In Fig.1 shows a device for slotted perforation of the casing in the initial position, Fig.2 - support rollers along section AA; figure 3 - gear disk cutter from a hydraulic motor; figure 4 - the trajectory of the axis of the rotating disk cutter during operation of the punch relative to the casing from top to bottom and bottom to top.

The device comprises a composite housing 1 with a longitudinal cutout 2, a drive 3 of a disk cutter 4, a feed mechanism for a disk cutter located in the lower part of the housing 1 and consisting of a hydraulic cylinder 5 with a spring-loaded piston 6 with a rod 7 and a pair of rods 8 pivotally connected to the rod 7 and located in the longitudinal cutout 2 of the housing 1. In addition, in the longitudinal cutout 2 there is a gear of the disk cutter 4 from the drive 3 and a feed mechanism of the squeeze roller 9. The gear mechanism consists of two flat rocker arms 10 and a three-stage conical-cylinder gear wheel. The rocker arms 10 are articulated by the upper end and the gear block 11 of the gear train is movably mounted on the common axis 12 of the housing 1. The gear wheel 13 associated with the disk mill 4 is mounted movably on the axis 14 of the rocker arm 10. By the same axis 14 are pivotally connected to the plane rocker arm 10 traction 8 of the feed mechanism of the disk cutter 4.

The feed mechanism of the squeeze roller 9 consists of a hydraulic cylinder 15 mounted pivotally on the upper axis 16 of the housing 1, with a spring-loaded piston with a rod and a lever 17 pivotally connected with the upper end to the axis 19 of the squeezing roller 9, and the other end with the lower axis 18 of the housing 1.

In addition, on the housing 1, on the opposite side of the squeezing roller 9, three support rollers 20 are each located on their axes, while in the lower part of the housing 1 there is a pair of support rollers uniformly spaced from each other at predetermined angles from the plane of placement of the squeeze roller 9, and in the upper part of the housing 1 there is one supporting roller in the same plane of placement of the squeezing roller 9. The under-piston cavities of the hydraulic cylinders 5 and 15 are in fluid communication with the working cavity through the channel 21 made in the body of the housing 1. the evy cavity of the hydraulic cylinder 5 is in fluid communication with the annular space through the throttle hole 22.

Above the housing 1 of the punch, a driving hydraulic cylinder 23 is placed, comprising an upper sub 24, by which the device is connected to the pump and compressor pipes 25, a lower sub 26 with a retainer 27, a piston 28 with an internal reversing switch having an upper pusher 29 and a lower pusher 30 inside it, and bilateral with respect to the position of the piston 28 and the associated hollow rod 31, a perforator body 1 is connected to the lower end of the hollow rod 31, and the upper end is located in the cavity of the tubing 25. Moreover, the diameter of the upper Oron hollow rod diameter below the lower side of the hollow rod. Hydraulic cavities above the piston and under the piston of the drive hydraulic cylinder 23 are in communication with the annulus through the throttle channels 32 and 33, respectively.

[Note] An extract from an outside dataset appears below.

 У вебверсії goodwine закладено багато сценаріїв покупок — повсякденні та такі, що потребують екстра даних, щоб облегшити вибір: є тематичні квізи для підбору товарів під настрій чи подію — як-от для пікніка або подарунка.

The device operates as follows.

On the tubing string (tubing) 25, the device is lowered into the well to the perforation site. All mechanisms of the device are in the initial position, as shown in figure 1. A working fluid pressure is created in the tubing string, at which pressure is transmitted simultaneously to the hydraulic motor 3 and through the channel 21 to the sub-piston cavities of the hydraulic cylinders 5 and 15 and to the supra-piston cavity of the driving hydraulic cylinder 23 through the reversing piston switch 28. The hydraulic motor 3 simultaneously starts to work from the pressure of the fluid. feed mechanisms of the disk cutter 4 and the squeeze roller 9 and the drive hydraulic cylinder 23. As a result, the disk cutter 4, the piston 6, receives rotation through a bevel-cylindrical gear transmission acting through the rod 7, the pair of rods 8 and the axis 14 on the flat wings 10, provides a metered supply of a rotating disk cutter 4 to the side of the casing wall, the piston with the rod of the hydraulic cylinder 15 feeds the squeeze roller 9 towards the side of the casing string and the piston 28 with the hollow rod 31 of the drive hydraulic cylinder 23, freed from the latch 27, together with the perforator carry out dosed movement from top to bottom relative to the casing and, accordingly, the tubing string.

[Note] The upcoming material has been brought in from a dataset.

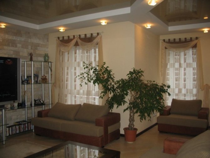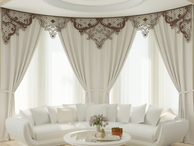 Il n'est pas rare que des textiles avec des lambrequins soient introduits dans la conception du salon. Ils ne sont pas seulement utilisés pour les classiques. Ils sont faits de n'importe quel matériau, pour cette raison, nous allons introduire un élément décoratif dans n'importe quel style.

The metered movement of the piston 28 with the hollow stem 31 is ensured by the metered flow of fluid from the under-piston cavity of the hydraulic cylinder 23 into the annulus through the throttle channel 33. The total effort to move the arrangement from top to bottom is obtained from the effect of fluid pressure on the working area of the piston 28 from above and the cross-sectional area of the upper side of the hollow rod 31. The metered supply of a rotating disk cutter 4 to the side of the casing wall is provided by a metered fluid flow from the piston cavity of the hydraulic cylinder 5 into the annulus through the throttle hole 22.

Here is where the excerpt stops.